■ HOW TO COMPLETE THIS TASK: Where the line holding "Contemporary Retro Stainless" appears, start copying, and continue exactly through the last line of the listing, skipping pictures.

----- COLLECTED DATA

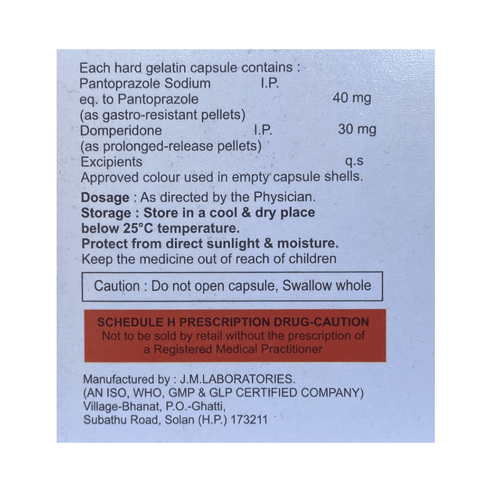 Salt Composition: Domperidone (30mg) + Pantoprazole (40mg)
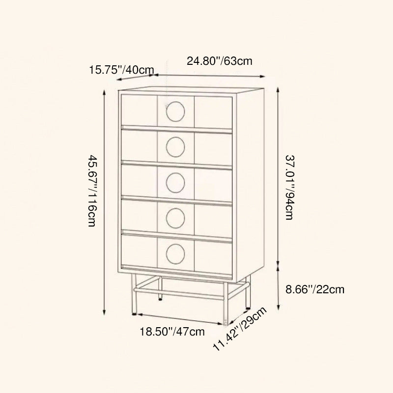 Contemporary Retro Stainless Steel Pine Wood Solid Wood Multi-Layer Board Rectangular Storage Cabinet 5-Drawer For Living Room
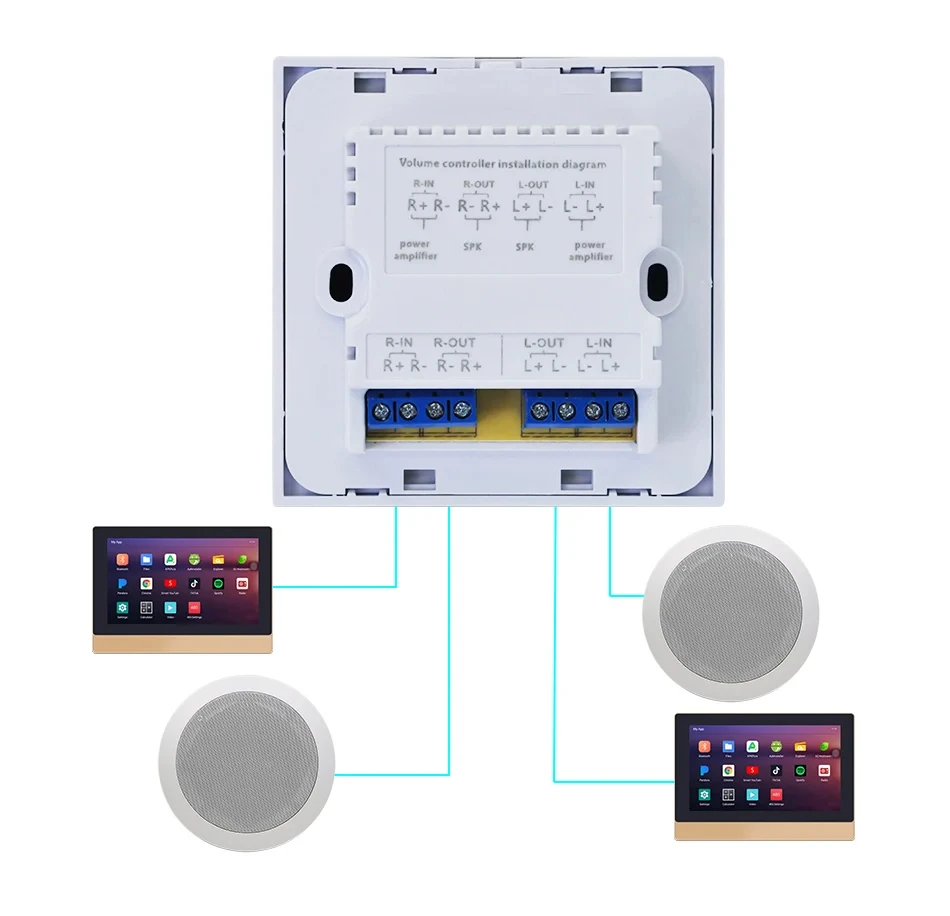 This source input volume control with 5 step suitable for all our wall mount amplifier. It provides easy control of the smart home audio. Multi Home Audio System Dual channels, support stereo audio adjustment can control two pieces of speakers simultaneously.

----------

■ THE ANSWER:
 Contemporary Retro Stainless Steel Pine Wood Solid Wood Multi-Layer Board Rectangular Storage Cabinet 5-Drawer For Living Room
 This source input volume control with 5 step suitable for all our wall mount amplifier. It provides easy control of the smart home audio. Multi Home Audio System Dual channels, support stereo audio adjustment can control two pieces of speakers simultaneously.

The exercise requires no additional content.